China’s Growing Unhappiness Gap

Twenty years of economic growth in China has left everyone richer. But new research from USC suggests that the rising tide of wealth is leaving poor Chinese unhappier

In 1974, a University of Pennsylvania economics professor named Richard Easterlin published the innocuously titled study, “Does Economic Growth Improve the Human Lot?” (The conventional wisdom at the time being, “Duh.”) In it, he examined 30 surveys conducted in 19 countries, and came up with an unexpected conclusion: while income correlated closely to happiness within countries—richer Nigerians were happier than poorer Nigerians—it wasn’t clear that, on balance, richer countries were any happier than poorer countries. Happiness was purely relative.

The so-called Easterlin Paradox became a cornerstone of “happiness economics” and remains hotly contested. (Critics says its rubbish, and absolute $ = absolute ☺. Easterlin stands by his evidence.) Now, a new study (PDF) from Easterlin and his colleagues at USC builds on the theory. In the case of China, the authors found, a booming economy may be making everyone wealthier—but only a fraction of them are happier because of it.

For the last two decades, China has hewed closely to the old capitalist saw, “A rising tide lifts all boats.” Across demographics and geographies—rich and poor, young and old, urban and rural—economic liberalization has meant higher incomes and standards of living for all Chinese. Per capita consumption has increased four-fold, the authors report, but “life satisfaction” hasn’t risen with it. Instead, a growing wealth gap has created a shadow happiness gap.
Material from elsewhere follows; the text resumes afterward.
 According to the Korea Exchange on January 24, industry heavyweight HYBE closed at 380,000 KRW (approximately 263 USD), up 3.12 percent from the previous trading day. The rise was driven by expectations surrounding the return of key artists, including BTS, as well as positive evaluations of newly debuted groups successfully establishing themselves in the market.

In 1990, two-thirds of both the richest and poorest Chinese reported high life satisfaction. By 2007, those figures had diverged wildly, with contentment among rich Chinese climbing to 71 percent, but plummeting to 42 percent among poor Chinese. Individual wealth might have grown as the economy boomed, but in terms of happiness, the authors maintain, “China has gone from being one of most egalitarian countries to one of the least.”
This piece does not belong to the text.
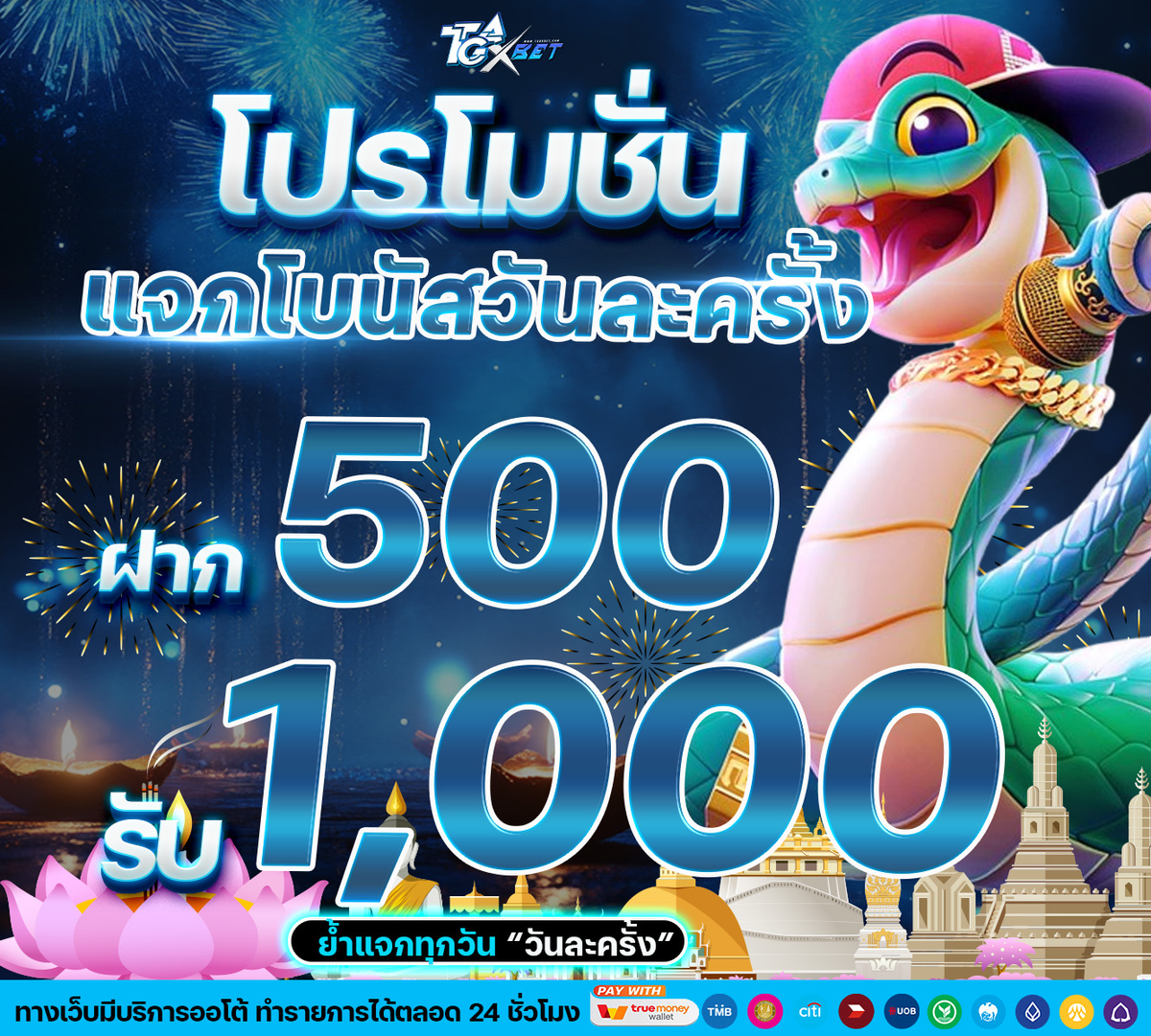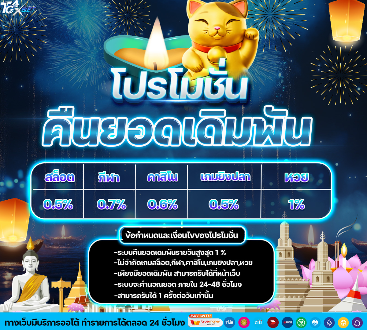 - ยอดฝากแรกของวัน ตัดรอบทุกวันเวลา 00.00 น.

And that change has to do with an even more seismic one taking place in China in the last 20 years: the loss of the social safety net. In 1994, China began to drastically overhaul its “state-owned enterprises,” inefficient relics of socialism that kept the lumpen masses placated. “Urban workers,” the authors write, “were essentially guaranteed life-time positions and associated benefits, including subsidized food, housing, health care, child care, and pensions, as well as jobs for grown children.”
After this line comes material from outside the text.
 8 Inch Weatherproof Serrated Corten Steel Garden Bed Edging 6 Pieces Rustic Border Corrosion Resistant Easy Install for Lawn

Free-market reforms meant the end of this “iron rice bowl,” precisely as rural labor was beginning to flood into cities. The result was widespread unemployment and uncertainty, especially among older workers. It was only in the early aughts that economic growth overtook the collapse of the country’s state-owned enterprises and joblessness began to fall.

Today, China continues to boom, but without its safety net in place, and the effects are beginning to show. The authors observe that, as with life satisfaction, poor Chinese now report declines health and financial satisfaction, too. Atomization is taking hold. The positive effects of rising income are being undercut by “material aspirations.”

Happiness economists have long regarded growth as something of a Pandora’s box—we’re happy till we realize how much we don’t have. China’s only just begun to lift the lid.